For example, as a cause of failure of the implantation sensor 400, there are an off failure (failure cause 1) and an on failure (failure cause 2). The off failure is a failure mode in which the control panel 210 cannot receive an ON signal (the ON voltage is not applied to the input terminal 418D) even when the landing position plate enters between the light transmitting unit and the light receiving unit. On fault, contrary to the off fault, the ON signal is continuously output (on voltage is continuously applied to the input terminal 418D) regardless of when the implantation position plate is inserted or removed between the emitter and the light receiver. ) It is a failure mode.

In addition, as a detailed cause of the on failure, a failure of the faulty device, the implantation sensor 400 itself, for example, an abnormality in the sensitivity of the light-receiving unit (failure cause 2-1), and the control panel 210 (elevator) extended from the landing sensor 400 A connection failure with the input terminal 418D of the connection terminal 420D connected to the control device) (problem cause 2-2) can be mentioned. The information processing device 360 narrows the range of the cause of the failure of the implantation sensor 400 according to the flow of narrowing the range of the cause of the failure shown in FIG. 11.
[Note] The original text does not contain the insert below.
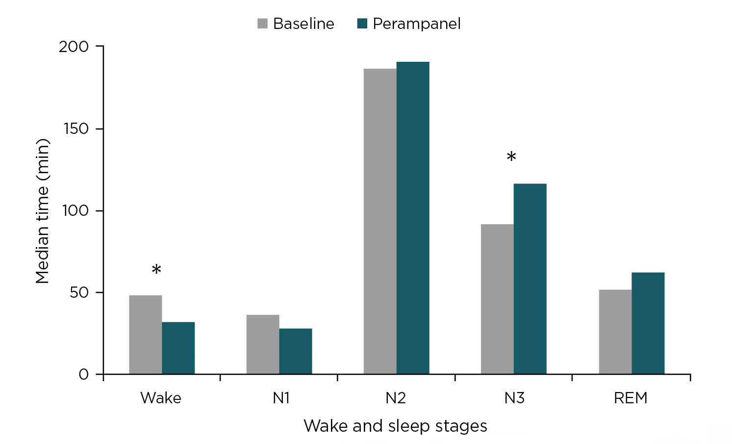 Figure 1: Median duration of wake and sleep stages (N1, N2, N3 and REM) before and after 12 weeks of perampanel and 4 weeks with a stable dose (4-8 mg q.d.). *p<0.051.
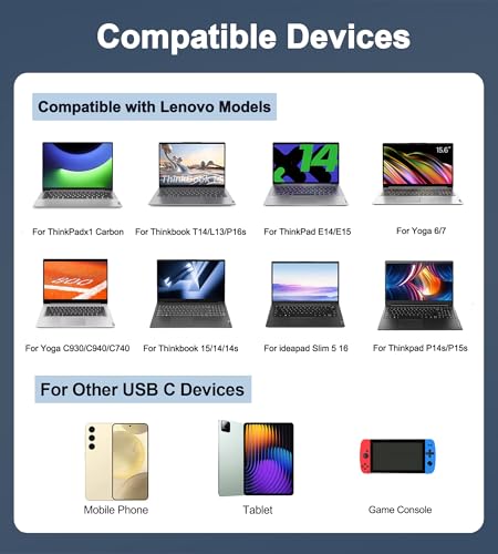 Specificaties: 65W USB C voor Lenovo Oplaadkabel Thinkpad x1 Carbon T14 T15 L14 T480 T490 T580 T590 E480 E490 E580 E585 E590 E595 Yoga C740 720 730 910 720-13ikb 730-13ikb Laptop Oplader Voeding

When the information processing device 360 receives step S103 (failure code reception) and receives a failure signal including a failure code "0010" (floating sensor failure), it is determined whether the received failure is a failure capable of remote recovery operation. Do (S104).

Specifically, as described above, inspection history data 372, maintenance work history data 373, remote inspection history data 374, modulation history data 375, repair work history data 376, failure history data ( 377), it confirms about the following (a)-(f).

(a) The elevator 20 has been instructed to correct the adjustment in the recent inspection.

(b) The possibility of misregulation is predicted because the elevator 20 has a maintenance plan recently or on the same day.

(c) There was an abnormal diagnosis result in the elevator 20 due to remote inspection.

(d) Recently, there has been an occurrence of modulation in the elevator 20.

(e) The elevator 20 has recently undergone repair work.

(f) The elevator 20 recently sent a fault signal according to the same fault code "0010".

And, in the case of any one or more of the above (a) to (f), the information processing device 360 dispatches the technician 350 to the building 10 rather than the recovery by the remote recovery system 100 It is determined that it is better to do so, and it is determined as NO in step S104 of FIG.

In addition, in addition to the above (a) to (f), remote recovery is difficult (because the replacement operation cannot be performed from a remote location), even when an off fault or an on fault that requires replacement of a device or a terminal is suspected. , It is determined that it is better to dispatch the engineer to the building 10, and it is determined as NO in step S104 of FIG. 11.

At the time of determination of the off failure/on failure, the information processing device 360 includes an input signal from the faulty device (floating sensor 400) to the control panel 210 and the elevator 20 other than the faulty device. Refer to the input signal from the device to the control panel 210. For example, the information processing device 360 is sent to the control panel 210 via the remote monitoring center 310 from all the devices received by the control panel 210 in a period of about 10 minutes before and after the time when the failure signal is transmitted. Acquire the received data. Alternatively, past data received from all the devices of the elevator 20 is acquired from the operation history data 379 of the maintenance database 370. Next, the information processing device 360 analyzes these received data.

For example, after the on signal from the implantation sensor 400 is switched to the off state, the gate switch 408 is switched from the off state (gate open signal) to the on signal (gate closed signal), and further after the encoder ( From 404, consider a case in which the rotational position of the drive device 24 is switched from a constant state to a fluctuating state. In this case, since the landing sensor 400 has been switched to the off state before the car 22 in the stopped state starts to move, it is considered to correspond to an off failure (failure cause 1).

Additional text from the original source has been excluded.